Before moving any further, try to experience it viscerally with [Ordinary Least Squares Regression
Explained Visually - Visually Explained](http://setosa.io/ev/ordinary-least-squares-regression/):

![http://setosa.io/ev/ordinary-least-squares-regression/](imgs/linreg_setosa.png)

However, it occurs that lots of dependencies in the actual world can be described just by fitting a linear equation to the observed data. That's what we are going to do now!

In Python we typically use [LinearRegression from scikit-learn](https://scikit-learn.org/stable/modules/generated/sklearn.linear_model.LinearRegression.html). Here we use PyTorch to show everything step-by-step. Moreover, linear regression is a building block of any regression with deep learning - so it is good to understand it well!

In [None]:
import numpy as np
import matplotlib.pyplot as plt
import pandas as pd

import torch
import torch.nn as nn
import torch.nn.functional as F

from livelossplot import PlotLosses
from ipywidgets import interact, fixed

## Data

Have you ever wondered what is the relation between brain and body weights among various animal species?

Let's try a [Brain to Body Weight Dataset](http://wiki.stat.ucla.edu/socr/index.php/SOCR_Data_Brain2BodyWeight)!

> These data represent the relation between weights of the body and brain of various species.

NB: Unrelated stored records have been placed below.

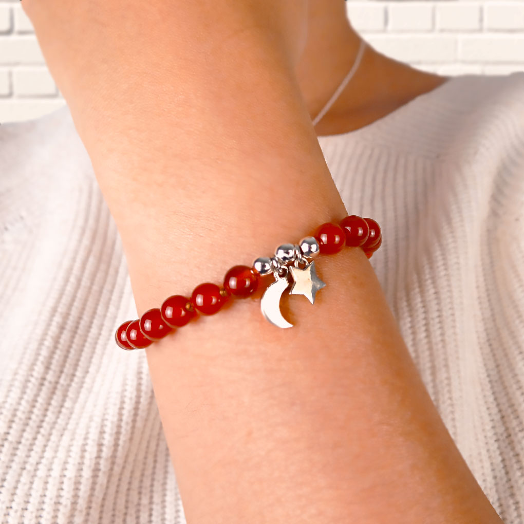 Significado de la Pulsera de Luna y Estrella | Cornalina Natural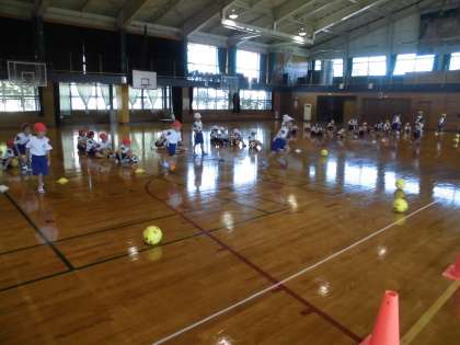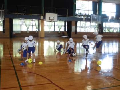 今日は、2回目の学習でした。たくさんの子供が真っ直ぐにボールを蹴ることができました。「やった!」と喜ぶ声も聞こえました。天気のよい日は、ご家庭でも、ボールけり遊びをしてみてはいかがでしょうか。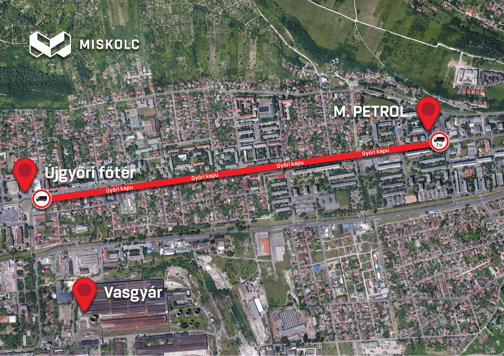 2023. december 18-án (hétfő) 7:00-tól a Győri kapu Thököly Imre utca – Újgyőri főtér közötti szakaszára a Thököly u. felől 7,5 t össztömeget meghaladó tehergépjárművel ismét csak a közútkezelő hozzájárulásával szabad behajtani, az Újgyőri főtér felől tehergépjárművek számára – a korábbi forgalmi rendnek megfelelően – a behajtás tilos lesz.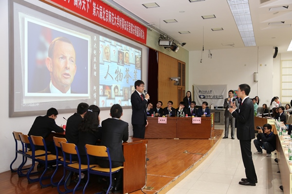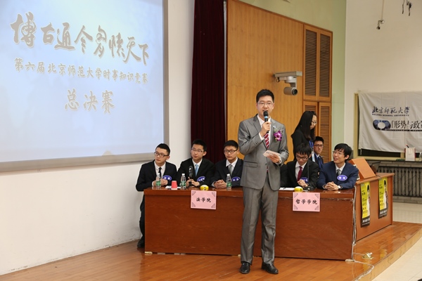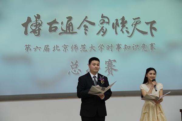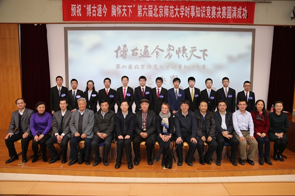 新葡萄8883官网AMG党委副书记刘利老师,党委宣传部新闻中心常务副主任、机关一总支书记李美仙老师,研究生工作处处长应中正老师,本科生工作处处长王洛忠老师,校团委书记袁慧老师,本科生工作处副处长隋璐璐老师,校电视台台长齐松老师,新葡萄8883官网AMG院长杨共乐老师,新葡萄8883官网AMG分党委书记耿向东老师,新葡萄8883官网AMG副院长姜海军老师,新葡萄8883官网AMG分党委副书记王卓凯老师,教育学部学生工作办公室主任刘立老师,法学院分党委副书记魏天经老师,政府管理学院分党委副书记郭智芳老师,新葡萄8883官网AMG中国近代史教研室教授李志英老师,政府管理学院国际关系专业教授李兴老师,新葡萄8883官网AMG世界近代史教研室庞冠群老师、贾珺老师,校研究会主席毕硕同学等嘉宾也出席了当晚的决赛。出席比赛的还有来自国际关系学院、清华大学、北京大学、南开大学、对外经贸大学和北京电子科技学院等高校时事研究团体的负责人。 因故未能出席参加活动的中央电视台著名新闻主播贺红梅老师给组委会寄来祝福,对师大学子的知识素养和综合能力给予高度肯定,并预祝“博古通今胸怀天下”活动圆满成功。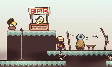 Continuing east will begin a flashback of Brad with his karate students and Dusty. Once this has been completed, continue east to the second area of Muddy Waters. A gap below a tree can be jumped down and transports Brad to Fishman Town.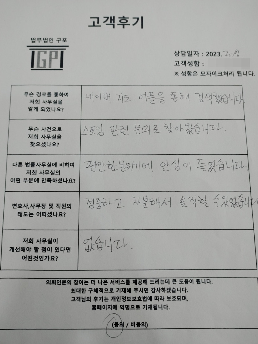 클릭해서 더보기 => 형사(스토킹가해자 방문상담) 의뢰인분의 실제 고객후기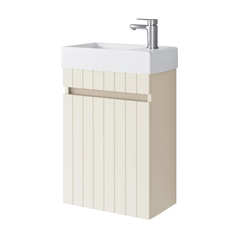 Kompaktiškos formos keraminis praustuvas. Praustuvas gali būti tvirtinamas ant baldo dvejomis padėtimis (skylė maišytuvui gali būti praustuvo dešinėje arba kairėje pusėje)

It may be used to discuss bivariate exploratory and quantitative data analyses in the case of allometric relationships. Brain-to-body weight ratio is assumed to be related to species intelligence. The encephalization quotient is a more complex measurement that takes into account allometric effects of widely divergent body sizes across several taxa. The brain-to-body mass ratio is a simpler measure of encephalization within species.

In [None]:
data = pd.read_csv("data/Animals.csv", index_col='Species')
data

In [None]:
# Let's make a scatter plot
data.plot.scatter(x="BodyWeight(kg)", y="BrainWeight(kg)")

At first glance it does not resemble any particular dependance. However, if we change the scale something interesting can be spotted with [logarithmic scaling](https://simple.wikipedia.org/wiki/Logarithmic_scale):

In [None]:
data.plot.scatter(x="BodyWeight(kg)", y="BrainWeight(kg)", logx=True, logy=True);

We see a clear dependence that the bigger body weight (on average) the bigger brain weight.
Let's investigate that!

### A toy example

**TODO: This one or just move with the original numbers, otherwise we lose the flow**

Let's consider two sets of numbers:

In [None]:
x = np.array([1., 2., 3., 4.])
y = np.array([3.2, 5.1, 6.9, 9.3])

plt.scatter(x, y)
plt.xlabel("x")
plt.ylabel("y")
plt.show()

On the scatterplot it can be easly seen that the relationship between presented data is almost linear. We will try to apply the equation:

$$ y = ax+b$$

to the analysed dataset. The only problem is how to find $a$ and $b$.

Try to find a proper line manually!

In [None]:
def plot_model(a, b, x, y):
    y_pred = a * x + b
    plt.plot(x, y_pred, 'g')
    plt.scatter(x, y)
    plt.xlabel("x")
    plt.ylabel("y")
    plt.ylim([-1, 12])
    plt.show()
    
interact(plot_model, 
         a=(-1, 5), 
         b=(-0.5, 4),
         x=fixed(x),
         y=fixed(y)
        );

### Loss function

We will try to somehow measure if the coefficients in the equation are good enough to describe our problem. In order to do it we will define a loss function - an equation that will tell us how much our approximation differs from the expected output. 

The loss function should:

* depend only on the coefficients of the model, expected output and our approximation,
* shrink if our approximation is becoming better and grow if it gets worse.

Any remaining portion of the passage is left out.